Return the data below exactly, minus the pictures.
START Stored data
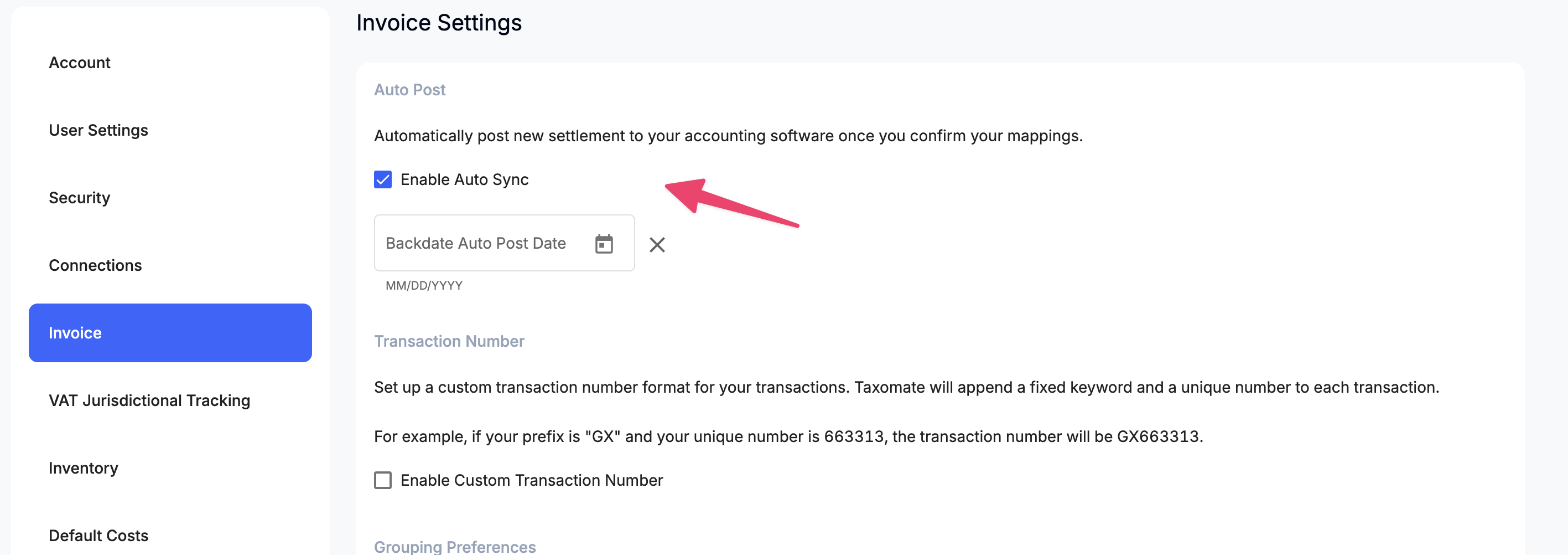 The Auto Sync toggle on the Settings → Invoice page automatically sends settlements and COGS (if enabled) starting from the time you enable it, or from a specific date you select.
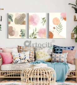 This set of 3 paintings is an exclusively designed wall decor inspired from mid century modern art that provides a dynamic boho chic feature to your living room decor. Furthermore, our wall art adds soul to your living space. This absorbing wall art with earthy hued colours will make your wall look vivid and aesthetic! It will look beautiful against both neutral toned walls and bright coloured walls. It can also be a great gift to loved ones or for festive gifting purposes.
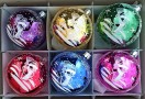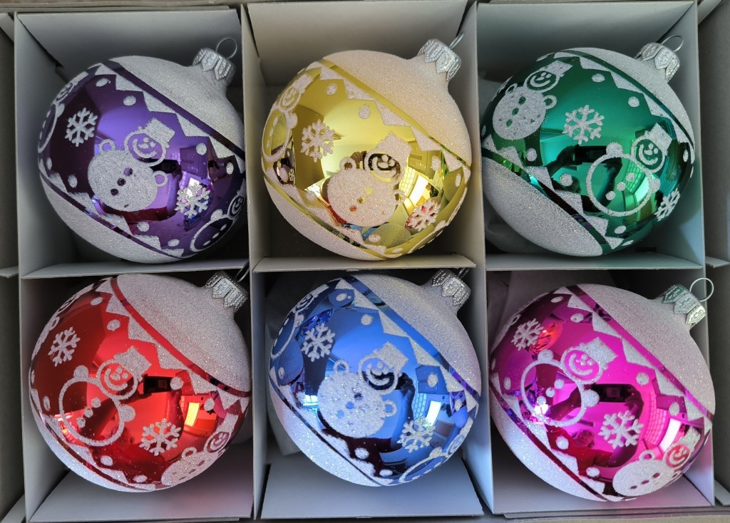 Skleněná vánoční ozdoba ve tvaru koule, hladká, barva ass, lesk, bílý dekor sněhuláka, 2 varianty dekoru (1. varianta bez talířů dole a nahoře, 2. varianta s talíři dole a nahoře),velikost 8 cm. Foto ilustrační. V krabici sortiment barev: červená, modrá, žlutá, zelená, růžová, fialová.
END Stored data
Response to the exercise:
 The Auto Sync toggle on the Settings → Invoice page automatically sends settlements and COGS (if enabled) starting from the time you enable it, or from a specific date you select.
 This set of 3 paintings is an exclusively designed wall decor inspired from mid century modern art that provides a dynamic boho chic feature to your living room decor. Furthermore, our wall art adds soul to your living space. This absorbing wall art with earthy hued colours will make your wall look vivid and aesthetic! It will look beautiful against both neutral toned walls and bright coloured walls. It can also be a great gift to loved ones or for festive gifting purposes.
 Skleněná vánoční ozdoba ve tvaru koule, hladká, barva ass, lesk, bílý dekor sněhuláka, 2 varianty dekoru (1. varianta bez talířů dole a nahoře, 2. varianta s talíři dole a nahoře),velikost 8 cm. Foto ilustrační. V krabici sortiment barev: červená, modrá, žlutá, zelená, růžová, fialová.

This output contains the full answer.